A new study from a joint team of researchers from Durham University, UK and the University of Jyväskylä, Finland revealed that sad music can be used for music therapy and rehabilitation to help people lighten up their mood.

The study, published in the journal PLOS One, suggests that listening to sad music can improve a person's mood by evoking pleasurable and comforting memories related to the sad music.

However, researchers also noted that some of their participants have related sad music with previous painful experiences, making them strained mentally and physically.

"Some people enjoy sad music and derive a lot of comfort out of such music in certain situations but when a particular piece of music becomes a container for a negative emotion related to a personal or environmental challenge, a music therapist would carefully start working on its representations," explained Professor Jörg Fachner, Professor of Music, Health and the Brain, at Anglia Ruskin University and was not part of the study, in a statement.

For the study, researchers enrolled f 2,436 people across three large-scale surveys in the UK and Finland. These surveys explored the reasons, mechanisms and emotions of memorable experiences linked with sad music.

The researchers found three types of experience associated with sad music across the survey. These experiences include pleasure, comfort and pain. They also noted that older adults tend to feel stronger experiences of comforting sadness when listening to sad music, while young people and women experience strong negative feelings when listening to sad music.

According to the researchers each type emotional experience associated with sad music could be connected to a distinct profile of reasons, psychological mechanisms, and reactions.

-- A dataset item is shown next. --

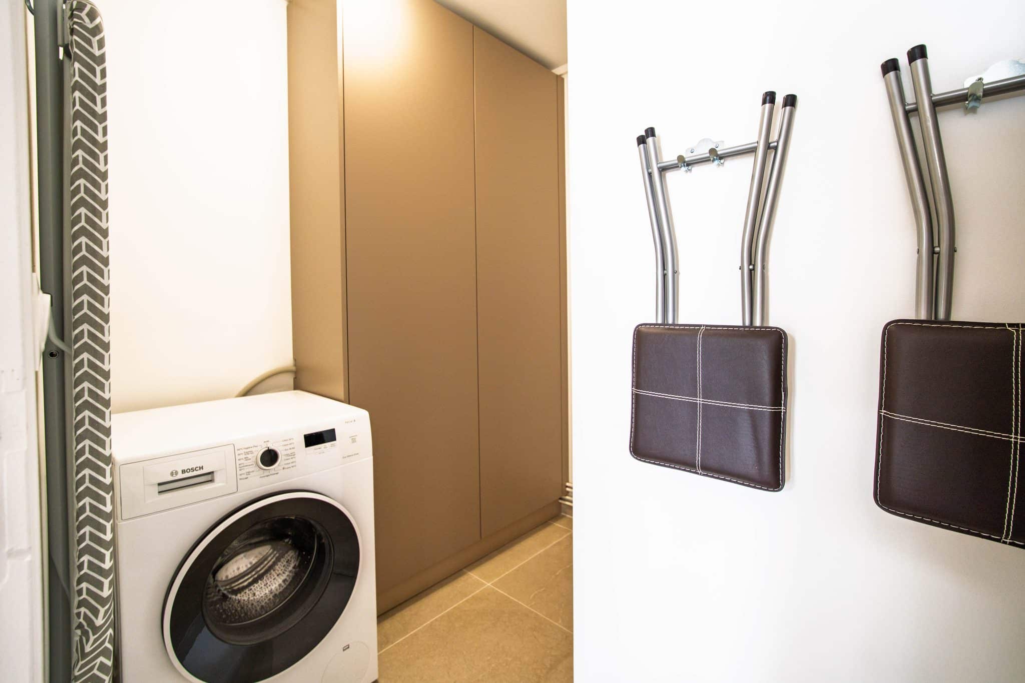 – Espace buanderie avec nombreux rangements et machine à laver.

"We think that this demonstrates well the functional nature of these experiences," explained Dr Henna-Riikka Peltola from the University of Jyväskylä and co-author of the study in a press release. "Although the positive experiences seemed to be the most frequently associated with sad music, truly negative experiences are not uncommon in any of the samples in our research."

Their findings suggest that sad music may have different effects on different people and a skillful music therapist should know how to adapt to the individual meaning of the sad music representing negative experiences and memories.